Adipose tissue is highly enriched in sex steroids, with total concentrations estimated anywhere from 2 to 400 fold higher than plasma [5]. Highly variable sex steroid concentrations have been found both among individuals and in different fat depots within an individual, underscoring the potential for adipose tissue intracrinology to explain individual susceptibility to obesity and associated metabolic disorders, as well as sexual dimorphisms in fat distribution and total adiposity [5], [6]. Thus, differences in intra-adipose sex steroid production could help explain, for example, the higher risk of obesity in women but the disproportionate risk of obesity-related comorbidities in men [75]. Adipose tissue comprises numerous cell types, including adipocytes, pre-adipocytes, leukocytes, and other stromovascular cells including endothelial cells and fibroblasts. The widespread expression particularly of aromatase in these cell types suggests that all of these cell populations could contribute to whole tissue regulation of androgens and estrogens. Increased aromatase activity in adipose tissue has long been recognized as a feature of obesity, though whether this reflects an adaptive or pathogenic change remains uncertain. Recently, aromatase overexpression in white adipose tissue was shown to enhance adipogenesis and insulin sensitivity in male mice [76]. Of note, aromatase overexpression in this model was under control of the aP2 promoter, which is expressed in macrophages as well as adipocytes, raising the intriguing possibility that macrophage-specific aromatase activity contributed to the observed metabolic phenotype.

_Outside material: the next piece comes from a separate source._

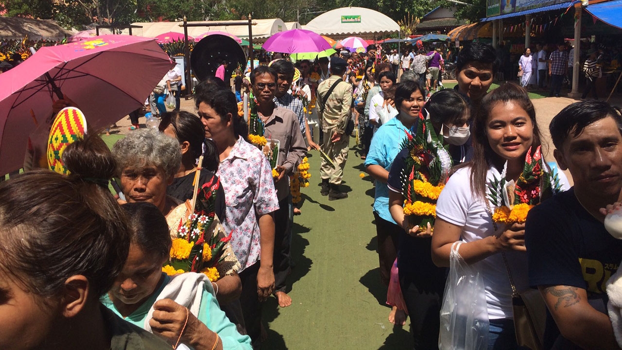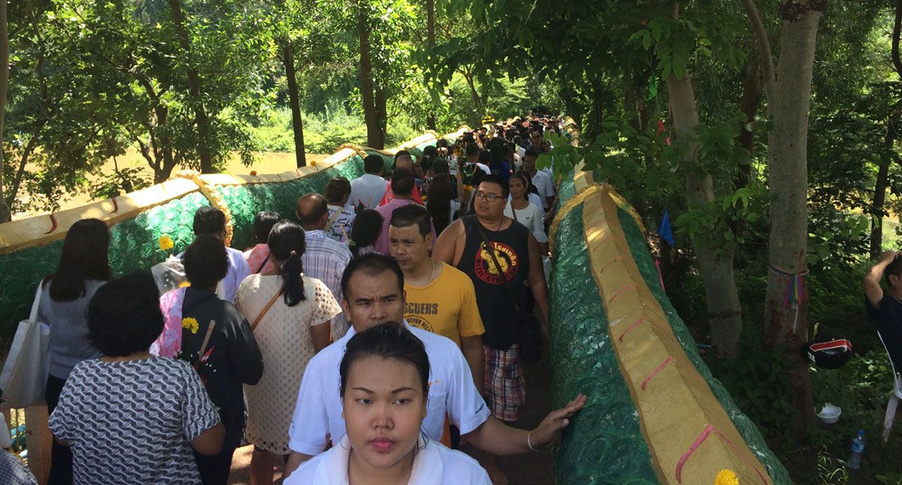เมื่อวันที่ 27 มิ.ย.60 ผู้สื่อข่าวรายงานว่า จากกรณีที่ ชาวบ้าน ประชาชน และนักท่องเที่ยว เดินทางมากราบไหว้ ปู่ศรีสุทโธ และแม่ย่าศรีประทุมมา ที่วังนาคินทร์ คำชะโนด ในช่วงวันหยุด เสาร์-อาทิตย์ และสัปดาห์สุดท้ายใกล้วันหวยออกจำนวนมาก และเดินทางมาจากทุกสารทิศ รวมทั้งพี่น้อง สปป.ลาว ก็เดินทางมาเพื่อไหว้ขอพรขอโชคขอลาภ แต่ละแถวต่อคิวยาวหลายกิโลเมตร ส่วนมากจะมาเป็นกลุ่ม เป็นคณะ ครอบครัว เดินทางมากันทั้งคืนเพื่อรอเข้าคิวเข้าไหว้ วันไหนที่มีผู้ศรัทธาจำนวนมากจะต้องยืนรอคิวอยู่นานเกือบ 4 ชั่วโมง ถึงจะเข้าถึงหน้าศาลเจ้าปู่ศรีสุทโธและแม่ย่าศรีประทุมมา มีทั้งคนเฒ่าคนแก่และคนพิการที่มาขอพร ถือว่าเป็นเรื่องลำบากมาก เจ้าหน้าที่จะต้องคอยบริการกับประชาชนที่มาเข้าแถว วันไหนอากาศร้อนต้องแจกยาดมแก้การเป็นลมแดดด้วย

Extensive androgen metabolism also has been demonstrated within human adipose tissue in both men and women, and expression and activity of the steroidogenic enzymes 3βHSD, 3α-hydroxysteroid dehydrogenase (3αHSD), 17α-hydroxylase, 17βHSD, and 5α-reductase have been identified in adipose tissue [5]. Subcutaneous and visceral adipose tissue depots further exhibit activity of aldoketoreductase 1C (AKR1c) enzymes, which catalyze both the synthesis and inactivation of androgens [7]. Androgens exert myriad effects on lipid metabolism, insulin sensitivity, adipogenesis, and adipokine production within adipose tissue [77]; consequently, the local synthesis and metabolism of androgens are key determinants of tissue-specific energy metabolism as well as the endocrine function of adipose tissue. Notably, changes in the expression of steroid metabolism genes were among the most prominent changes in adipose tissue gene expression following a behavioral weight loss intervention in postmenopausal women [78], further supporting close associations among tissue intracrine function, energy balance, and adipose tissue remodeling. Importantly, steroidogenic activity in adipose tissue predominantly localizes to the stromovascular fraction rather than adipocytes [79]. This heterogeneous fraction constitutes vascular epithelial cells, fibroblasts, preadipocytes, and immune cells, and the respective contribution of each cell type to adipose tissue sex steroid concentrations has yet to be quantified.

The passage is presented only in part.